* How to complete this task:
Your copy starts at the line containing "Az öt elem (tűz, víz, föld, levegő" and ends at the last line of the material below. Reproduce those lines exactly, with no pictures.

* Supplied material:
--
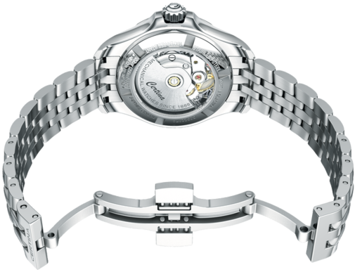 POwermatic 80 - automatický strojek s dvojnásobnou rezervou chodu oproti běžným modelům. Vysoká přesnost je zde dosažena velmi jemnou regulací šroubky setrvačce.Uzavřením hodinek šroubovací korunkou docílíme jednoho z nejlepších utěsnění pouzdra, které se v hodinářském průmyslu používá. Na obrázku můžeme vidět korunku ve vyšroubované poloze, ze které má poté korunka výsuvem směrem ven obvykle další dvě polohy na rychloposuv datumu a řízení času. Zatlačením korunky směrem k závitu a zašroubováním korunky k pouzdru již závit nevidíme - současně se zašroubováním korunky dotláčíme těsnění k pouzdru, čímž se hodinky až hermeticky uzavřou.Charakteristiky, kterými safírové sklo přispívá k hodinkám, jsou: extrémní
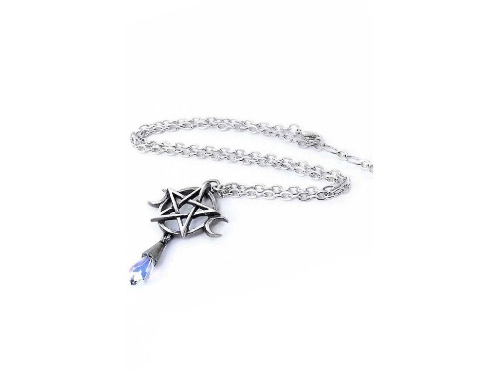 Az öt elem (tűz, víz, föld, levegő és szellem) pentagramma és a három istennő által képviselt három holdfázis kombinálásával a mágikus energia a kristályon keresztül összpontosul. Az amulett lenyűgözően megragadja a fentieket, de mindenekelőtt egy lenyűgöző ékszer, amely a nyakadat díszítheti. A szerelt kristály a Swarovski ékszerészműhelyből származik. A felületet patinával kezelték, ami lenyűgöző megjelenést kölcsönöz az ékszernek.
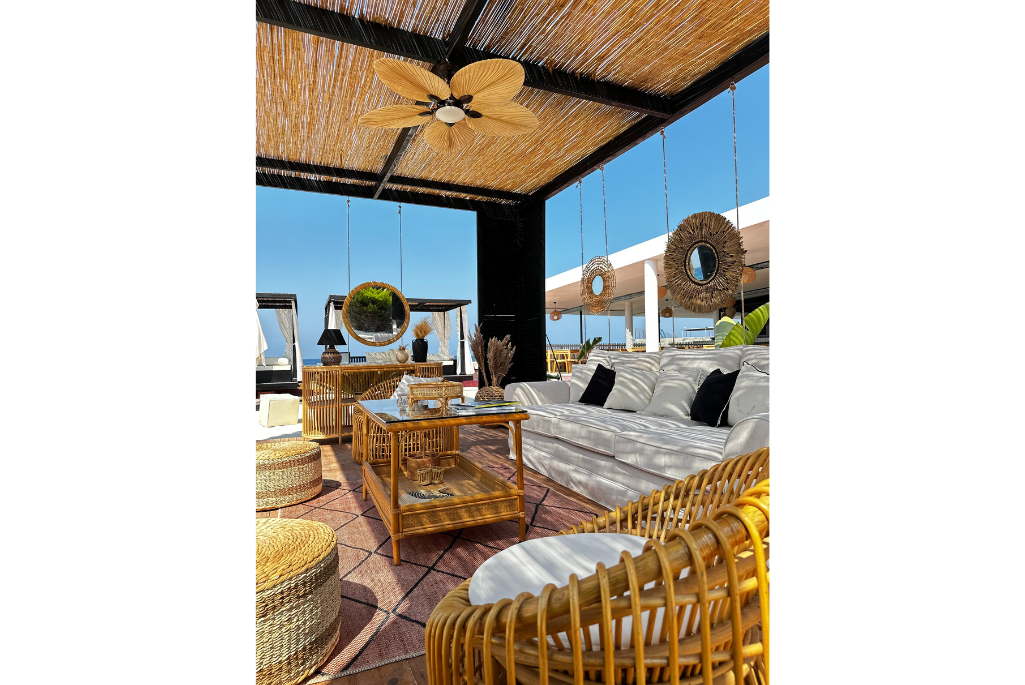 The general style in the venue is bohemian, but we chose the color red for some accessories, logos, and lights in the Beach section to create a dynamic atmosphere. For example, the ceramics and night lights of the pool with cabanas in Ülfet Beach are red. It became a unique and vibrant pool in bright red. Additionally, there is a three-meter red elephant sculpture at the entrance of the venue.
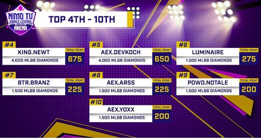 Setelah berjalan selama empat pekan, rangkaian acara Nimo TV Mobile legends: Bang Bang Arena (NMA) Star Battle akhirnya selesai digelar dan sang juara pun telah ditentukan.
--
* Finished task:
 Az öt elem (tűz, víz, föld, levegő és szellem) pentagramma és a három istennő által képviselt három holdfázis kombinálásával a mágikus energia a kristályon keresztül összpontosul. Az amulett lenyűgözően megragadja a fentieket, de mindenekelőtt egy lenyűgöző ékszer, amely a nyakadat díszítheti. A szerelt kristály a Swarovski ékszerészműhelyből származik. A felületet patinával kezelték, ami lenyűgöző megjelenést kölcsönöz az ékszernek.
 The general style in the venue is bohemian, but we chose the color red for some accessories, logos, and lights in the Beach section to create a dynamic atmosphere. For example, the ceramics and night lights of the pool with cabanas in Ülfet Beach are red. It became a unique and vibrant pool in bright red. Additionally, there is a three-meter red elephant sculpture at the entrance of the venue.
 Setelah berjalan selama empat pekan, rangkaian acara Nimo TV Mobile legends: Bang Bang Arena (NMA) Star Battle akhirnya selesai digelar dan sang juara pun telah ditentukan.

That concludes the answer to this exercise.